Guest wrote: ↑Thu May 09, 2024 2:23 am
Record Wave of Americans Fled Big Cities for Small Ones in 2023
I guess I'm part of this statistic. Anyway, I saw a headline this week that said home gardening leaves a 5-6 times greater carbon footprint than producing the equivalent on large commercial farms.
The Telegraph
Carbon footprint of homegrown food five times greater than those grown conventionally
Joe Pinkstone
January 22, 2024·3 min read
Tomatoes and asparagus were among the best vegetables to grow in allotments according to the study
Growing your own food in an allotment may not be as good for the environment as expected, a study suggests.
The carbon footprint of homegrown foods is five times greater than produce from conventional agricultural practices, such as rural farms, data show.
A study from the University of Michigan looked at how much CO2 was produced when growing food in different types of urban farms and found that, on average, a serving of food made from traditional farms creates 0.07kg of CO2.
The impact on the environment is almost five times higher at 0.34kg per portion for individual gardens, such as vegetable patches or allotments.

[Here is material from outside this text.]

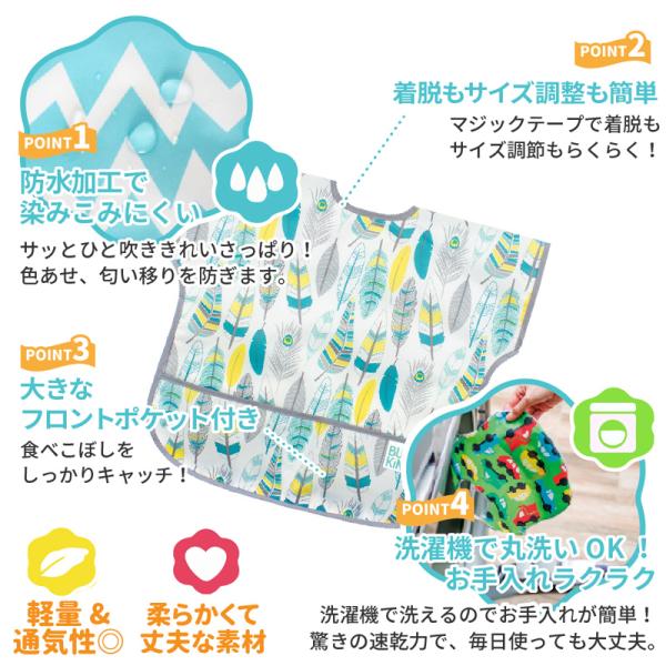 食事はもちろんのこと、お絵かきや粘土あそびなど洋服が汚れやすいシーンにも大活躍!

The majority of the emissions do not come from the growing of the food themselves, the scientists say, but from the infrastructure needed to allow the food to be grown.
Researchers grouped urban agriculture sites into three categories: individual or family gardens, including allotments; collective gardens, such as community gardens; and larger, commercial-orientated urban farms.
Jake Hawes, a PhD candidate at Michigan and first author of the study, said: “The most significant contributor to carbon emissions on the urban agriculture sites we studied was the infrastructure used to grow the food – from raised beds to garden sheds to pathways, these constructions had a lot of carbon invested in their construction.
“Poorly managed compost and other synthetic inputs can also be important contributors, though they were not the majority on most of our sites.”
https://www.yahoo.com/news/carbon-footp ... 47599.html
In this Dark Age Hovel, similar ideas have already been covered. Most people who move out to a rural area, do a remodeling project, and similar, think it needs to involve buying lots and lots of stuff. That's American culture. It's pretty much automatic.
There's a thread in permies.com of all places (in other words, a permaculture site) where a woman in my area describes what she did to prepare a garden plot. She ended up hiring a contractor to use a Deere compact track loader to scrape off all her topsoil and one foot of subsoil, then mix the topsoil with purchased amendments and put the mix back in her garden plot. That was just the beginning, as the site construction followed with gravel paths, 8 feet high fencing, and probably more once the contractor was done. That all happened after she found out raised beds didn't work for her.
Here at the Dark Age Hovel, there was a heavy rain a few days ago and the water flow on the land could be observed. There are some slopes that I'm trying to figure out how to best take advantage of. This morning I finished digging another compost pit (by hand). Admittedly, it's hard work in the Texas heat and humidity. The first pit is nearly full (all materials obtained for free on foot) and the second is 50 percent bigger but only covers 12 sq ft.
I will need to purchase some materials to keep the rabbits out. Working to figure out how to keep that to a minimum.
This project will go on and on for years and will mostly be discussed in the context of how it fits in with current news and trends, as above.
While the periphery breaks down rather slowly at first, the capital cities of the hegemon should collapse suddenly and violently.